We were dispensable. We had no rights. We could be evicted from our homes on suspect of being gay. We could be fired on appearances alone. Nursing staff, doctors could refuse to serve a person with HIV/AIDS. We were denied visiting rights of our partners as they lay dying in the hospital. When our partners died, family members who wrote them off years before would swoop in and simply take the body of our loved ones. They would evict us from our homes if the house was in our partner’s name. And they would legally contest the wills as blood relatives and win.
We had to fight for research monies to find life extending medications. So many of us lost health insurance because of an AIDS diagnosis. We had to fight for monies to provide housing for those living with HIV/AIDS. We were denied Social Security Disability because AIDS was not seen as a qualifying disability–thereby a person with AIDS lost all means for an income and medical assistance. We organized and succeeded to have drugs developed that extended life, not only by months but by years, restoring many to be able to lead productive lives again. It was a hard fight. But it is a fight we still have to contend with.
Governor Jodi Rell of Connecticut decided to cut to zero what she considered to be non-essential services for the budget that begins today. All AIDS funding was cut which will resort in people with HIV/AIDS to once again face medical crisis as they find services no longer available to them. For contrast park and recreational services were deemed essential services.

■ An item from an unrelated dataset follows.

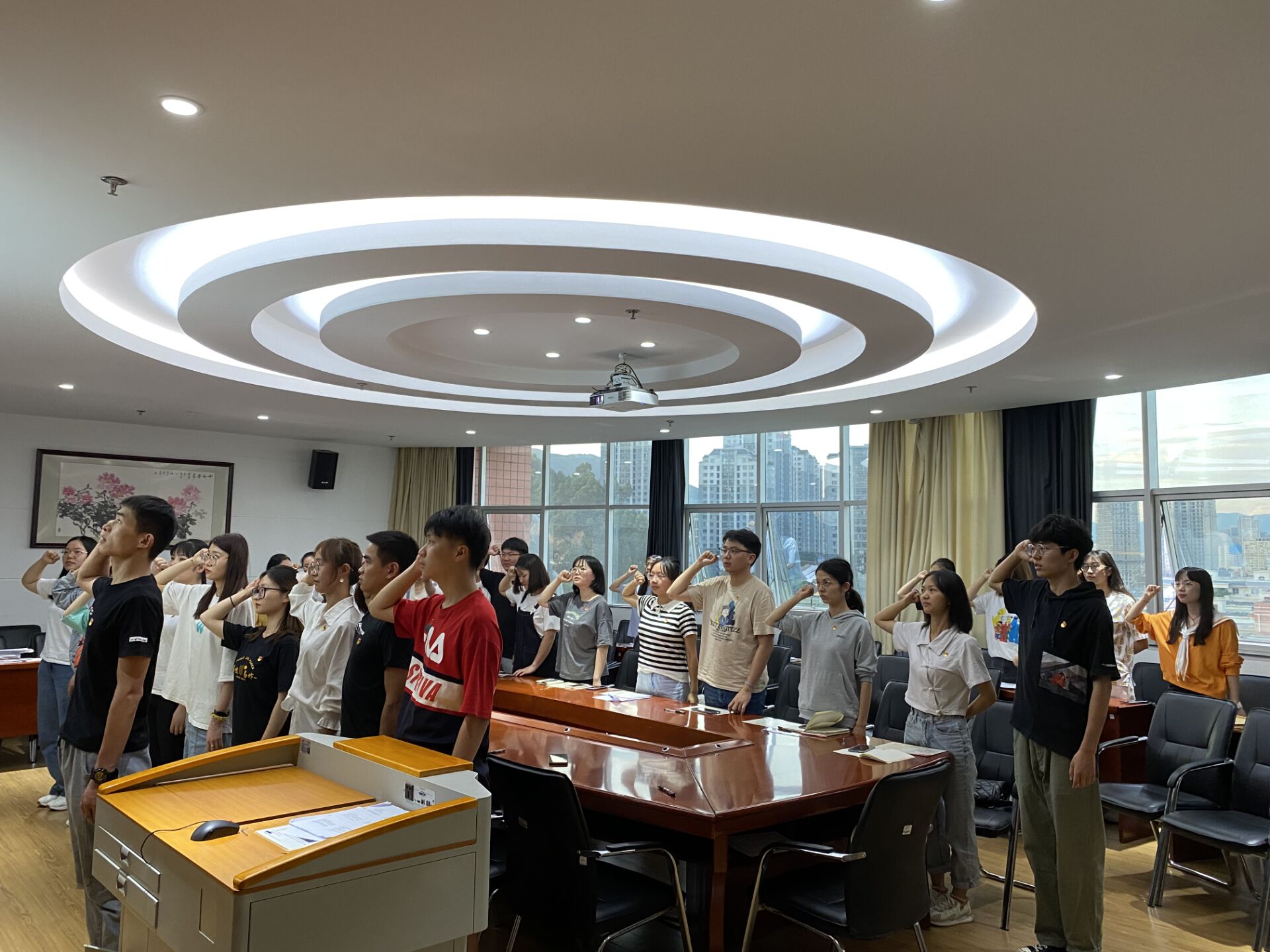 2021526日,本科生第四党支部在逸夫楼923召开预备党员转正大会,本次会议应到正式党员9名,实到正式党员9名,实到正式党员人数超过应到会有表决权党员半数,符合会议流程。

Alabama rejected Federal Ryan White funds which amounted to a total of $10 million in medical treatment for people with HIV/AIDS and rejected an additional $700K in funding for support services. These two examples are being repeated across the nation.
Why can’t we wait? We are tired of being expendable under the law. We are tired of being deemed second class citizens that do not have partnership medical benefits, or employment rights, or housing rights, or marriage rights, or survivorship benefits. Our lives can be trampled on by survivors who refused to acknowledge our existence while alive but want every piece of us when we are dead. This demeans our integrity and sense of worth.
To continue to live with the lies that the far right is spreading regarding the hate crimes bill and the employment non-discrimination Act (ENDA) is degrading and immoral.
We have paid for our rights as full citizens with our lives. We have paid dearly. For us to have supported a President who campaigned hard and long on a promise of equality winning our votes, to now tell us to have patience after the thousands of lives that have been lost to HIV/AIDS is unconscionable. Telling us to have patience after the thousands of deaths as a result of homophobic violence in our schools, in our communities, in our families that continue to this very day is cruel. Now is not the time for patience. Now is the time for fulfilling promises made that helped place this president and his party into office.